(Soundbite of phone ringing)
Ms. NATALY KELLY (Telephone Interpreter): This is Nataly, interpreter number 3940 for Spanish. How may I help you?
ANDREA SEABROOK, host:
Commentator Nataly Kelly - she has more than 10 years of experience working as a telephone interpreter. She is the person that lawyers, insurance agents, or social workers call when they are trying to help someone who doesn't speak English. She's fielded calls from Alaska to Alabama, from Maine to Montana. She says the toughest calls come from the world of healthcare.
Ms. KELLY: A middle-aged Spanish speaking woman has just been wheeled into a Boston emergency room. She hurt her arm in a machinery accident. Her son is with her. I am with her as well. I'm her telephone interpreter.
(Spanish spoken) he says. My mother is in a lot of pain, I interpret. I concentrate on his inflection, his concern for his mother, his sense of urgency. I've memorized thousands of medical terms. Oddly enough, the most challenging phrases are not the ones like...
Tomografia axial computada(ph), CAT scan, or otorrinolaringologo(ph), ear, nose and throat doctor. It's the terms like HMO and co-pay that don't have direct translations.
But telephone interpreters deal with complicated issues that go far beyond terminology. Once, I interpreted for a nurse who was visiting new teen parents. It was a hot summer day. Their home had no air conditioning. The nurse quickly noticed that the couple's baby was red-faced, sweating, and swaddled in multiple layers of blankets. She took his temperature. He had a fever. The nurse asked gently, why did they put so much clothing on the child? The teenage mother offered a quiet explanation.
Well, that's how baby Jesus was dressed. The nurse hesitated. She asked the parents if they know how to take the baby's temperature. They didn't. The nurse began demonstrating only to be interrupted by the father.
Excuse me, ma'am, but we don't know how to read.
Not even numbers? said the nurse. The young father replied, no.
The nurse said nothing for a few moments. Neither did the parents. Finally, I piped in with a suggestion. This is the interpreter. Would it be possible to show them the red line on the thermometer? The nurse immediately said, yes, of course.
In telephone interpreting, the experiences aren't always positive. I've heard comments from healthcare staff that are rude, even offensive. A patient asks, why is the doctor speaking so slowly to me? Does he think I'm stupid? I once even heard a doctor say in all seriousness, next time you come, you speak Ingles, understand?
My job is to faithfully interpret everything. When comments like these are made, I'm grateful that I'm on the phone and can't see the look on the patient's face.

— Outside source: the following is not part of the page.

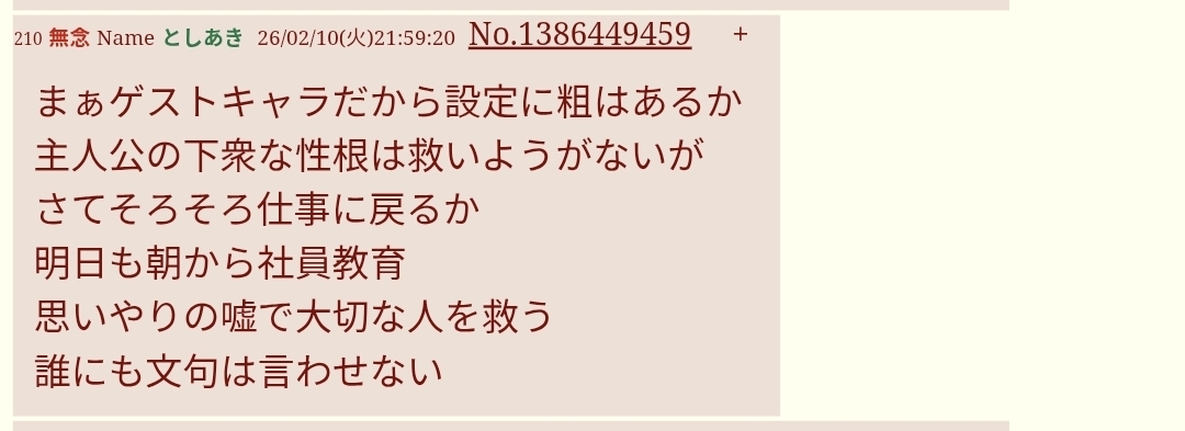 | … | 30無念Nameとしあき26/02/10(火)22:44:29No.1386462335そうだねx1>ID:G.Q/FjyI |

I'm also grateful that no one can see the look on mine.
As a telephone interpreter, these patients are also my patients. I'm the voice of both the patient and the doctor or the dispatcher, the receptionist, the benefits coordinator, the social worker, even the billing specialist. So, even when it's time for a call to be disconnected, I know that, as a telephone interpreter, I couldn't be more connected.